Gov. Greg Abbott attends a community gathering in support of Israel at the Congregation Agudas Achim in Austin on Oct. 9, 2023.
Evan L'Roy
The Texas Tribune
Gov. Greg Abbott attends a community gathering in support of Israel at the Congregation Agudas Achim in Austin on Oct. 9, 2023.

By Sneha Dey, The Texas Tribune

As the Israel-Hamas war continues to ignite tensions among Texas college students, Gov. Greg Abbott issued an executive order requiring schools to discipline what he described as “the sharp rise in antisemitic speech and acts on university campuses.”

Higher education institutions are expected to update their free speech policies to include the definition of antisemitism, as well as establish and enforce punishments for violating those policies. Expulsion from the college could be considered an appropriate punishment, Abbott said.

“Texas supports free speech, especially on university campuses, but that freedom comes with responsibilities for both students and the institutions themselves,” Abbott wrote in the Wednesday executive order.

The Israel-Hamas war has tested free speech policies at universities in Texas and across the country. As pro-Palestine and pro-Israel students engage in protests and heated discussions, school leaders have struggled to strike a balance between their roles as moderators and facilitators of intellectual debate on campus.

In the Wednesday executive order, the governor singled out Palestinian student groups on campuses — including the Palestine Solidarity Committee and Students for Justice in Palestine — who he says have violated free speech policies and should be subject to discipline.
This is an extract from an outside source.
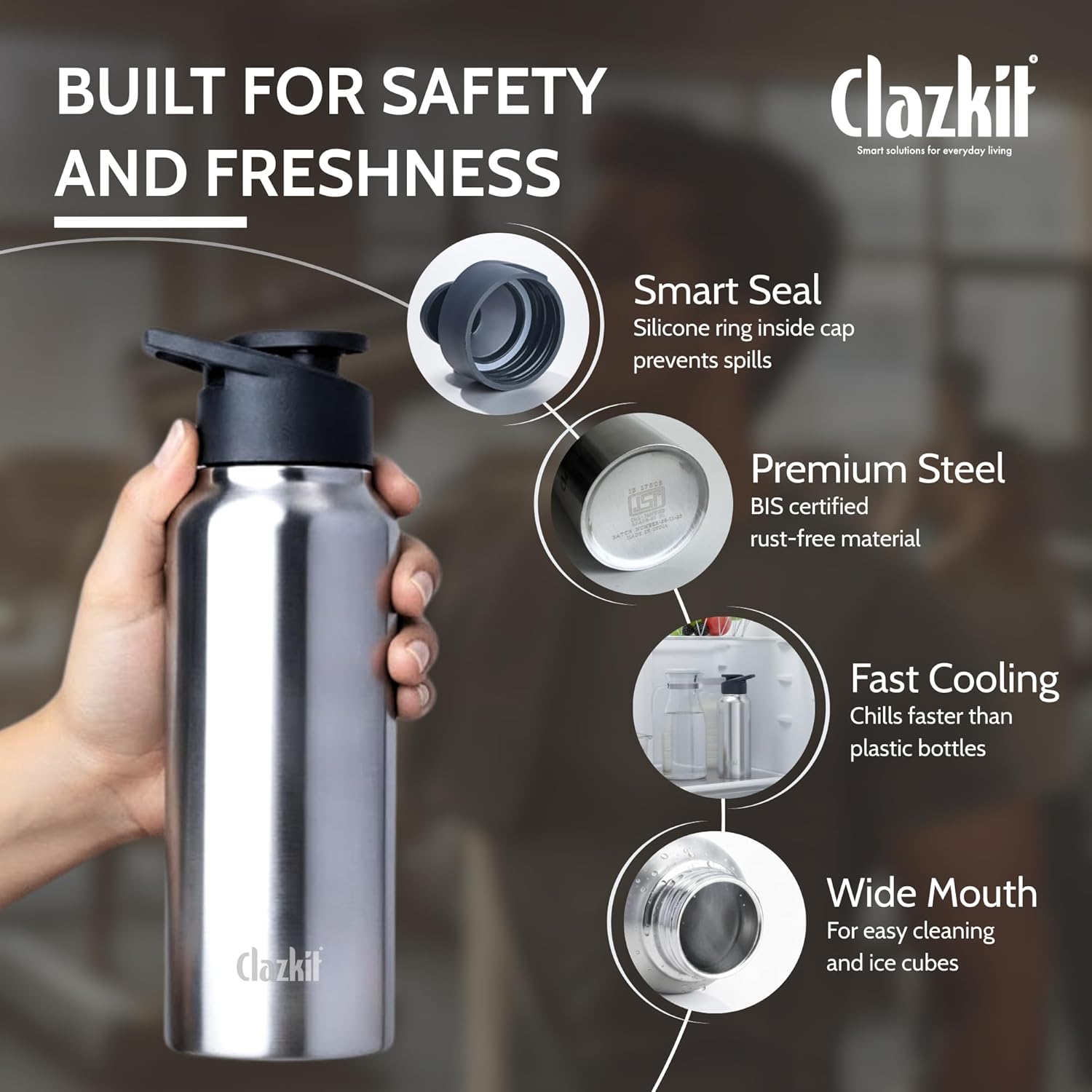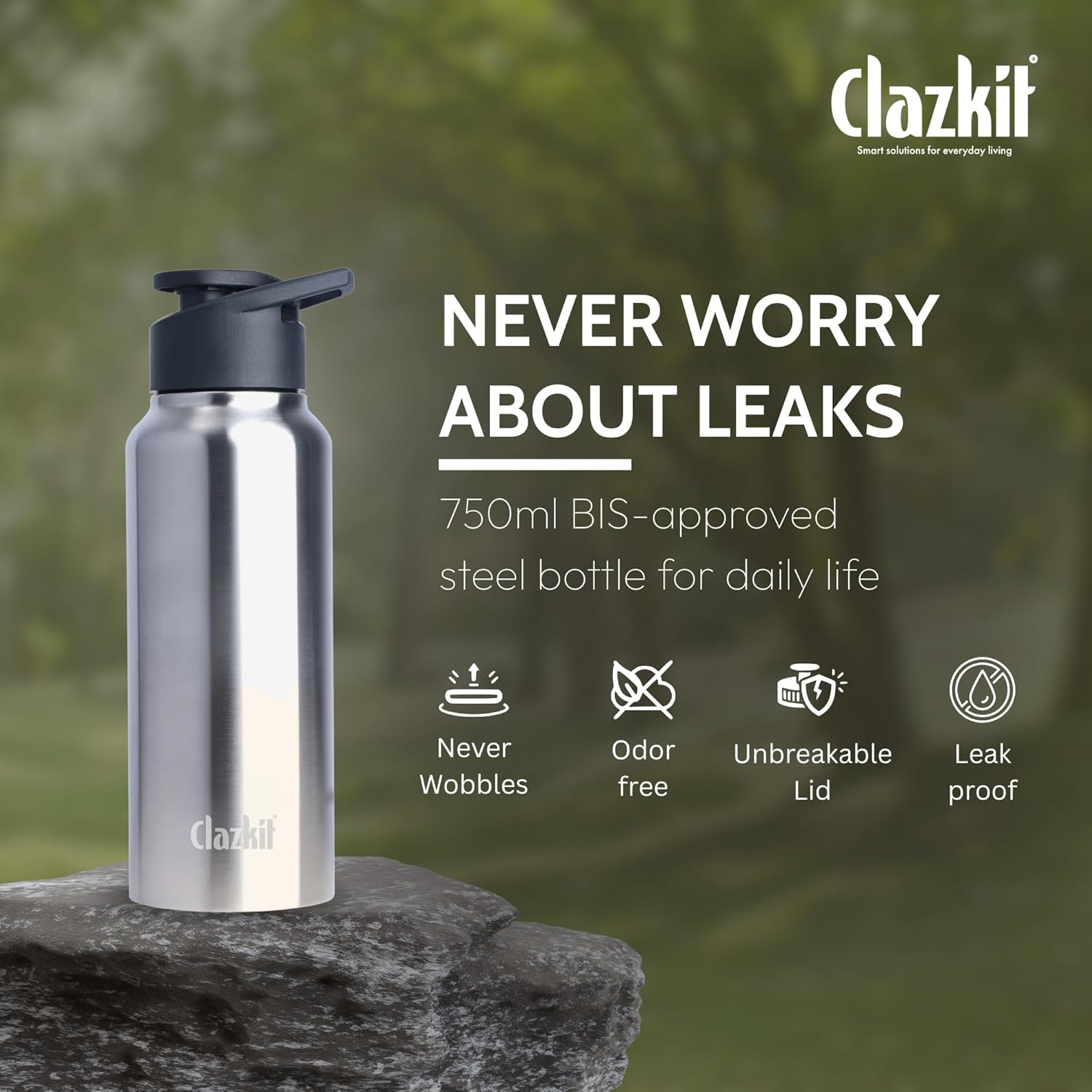 Clazkit Amaze 750ml Sporty Stainless Steel Water Bottle |ISI Certified |Leakproof, Rust-Free, BPA-Free, Durable for College, Fridge, Sports, Gym, Yoga & Office – Easy to Clean & Reusable

The Foundation for Individual Rights and Expression, an advocacy group for free speech on college campuses, said Texas colleges can and should go after antisemitic harassment, threats and violence. But Abbott’s executive order goes too far and leans on a definition of antisemitism that would involve punishing students for “core political speech,” including any criticism of Israel, the group said.

“State-mandated campus censorship violates the First Amendment and will not effectively answer anti-Semitism,” the Foundation for Individual Rights and Expression said in a statement. “By chilling campus speech, the executive order threatens to sabotage the transformative power of debate and discussion.”
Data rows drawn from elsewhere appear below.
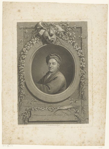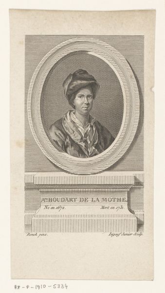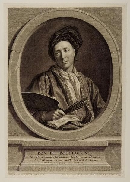 Editor: So, here we have Jacques Nicolas Tardieu's 1749 engraving, "Portrait of Bon Boullogne." I’m struck by the framing device – that carved oval. It’s quite grand, almost theatrical. How do you interpret this work? Curator: Theatrical is a great descriptor. It's important to consider the context in which this portrait was created. During the Baroque and Rococo periods, portraits served to legitimize status and power. Tardieu, through this print, isn't simply depicting Boullogne; he's participating in constructing and reinforcing his artistic persona and, more broadly, the authority of the French Royal Academy. Notice the inscription—emphasizing Boullogne’s titles. Where does that place the image, socially and politically? Editor: It certainly places him high up, part of the Royal patronage system! I guess it's not just about Boullogne as a man, but his role within a very structured art world. Curator: Exactly. The Royal Academy wielded immense power in defining artistic standards and controlling access to opportunities. Engravings like these helped disseminate an artist’s image and bolster their reputation within the artistic establishment and to a broader public. How do you see that relationship play out here? Editor: The controlled lines, the almost idealized portrayal... it all seems to promote an image of artistic mastery that aligns with the Academy's values. A subtle but definite power play, really. Curator: Precisely! And in understanding that power play, we can unpack the social function of even what appears to be a simple portrait. The image isn’t merely descriptive. It’s persuasive. What's been most insightful for you here? Editor: How a seemingly straightforward portrait is entangled with social structures and power dynamics! It really changes the way I look at images. Curator: Indeed! Examining these historical and institutional factors really enriches our appreciation and understanding.
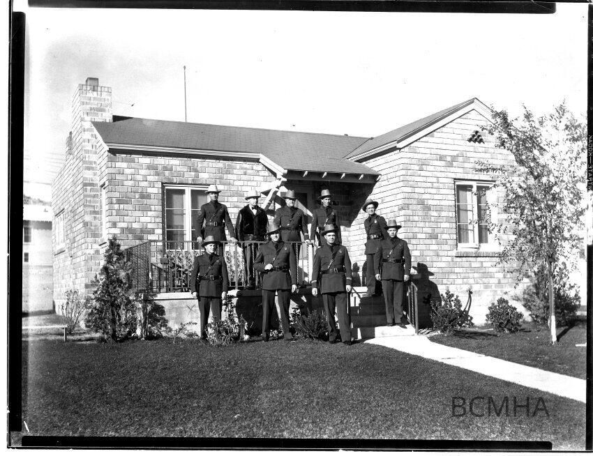 Boulder City law enforcement; U.S. Bureau of Reclamation rangers; 1933; posed at 1320 Colorado St.; back, l-r: William "Bill" Getts; Glen E. "Bud" Bodell; Pete Stringfellow; William E. "Bud" Stringfellow; front l-r: Robert K. Ziemer; Jack Heddy; John Fred JensenCollection
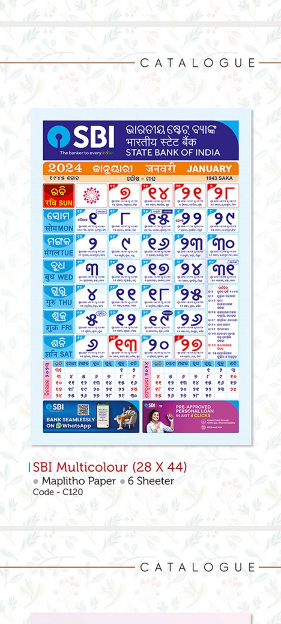 Paper SBI Odia Calendar At 10 piece In Cuttack ID 2852816583312

Abbott has been unequivocal in his support of Israel, even traveling to Jerusalem in November to offer the state’s help. And in December, he told Texas colleges they had a “responsibility” to protect Jewish students.

Abbott has not commented on if and how universities should protect pro-Palestine students, who have also faced threats and harassment since the start of the war.

The governor said in a statement Wednesday that the executive order will mean campuses “are safe spaces for the Jewish community.” It comes months after the state dismantled diversity, equity and inclusion offices, whose responsibilities included making college more inclusive to students of all cultures and backgrounds.

Per Abbott’s order, the chair of the board of regents at each college has 90 days to share documentation verifying revisions were made to free speech policies and evidence that those policies have been enforced.

The Texas Tribune partners with Open Campus on higher education coverage.

Disclosure: University of Texas at Austin has been a financial supporter of The Texas Tribune, a nonprofit, nonpartisan news organization that is funded in part by donations from members, foundations and corporate sponsors. Financial supporters play no role in the Tribune's journalism. Find a complete list of them here.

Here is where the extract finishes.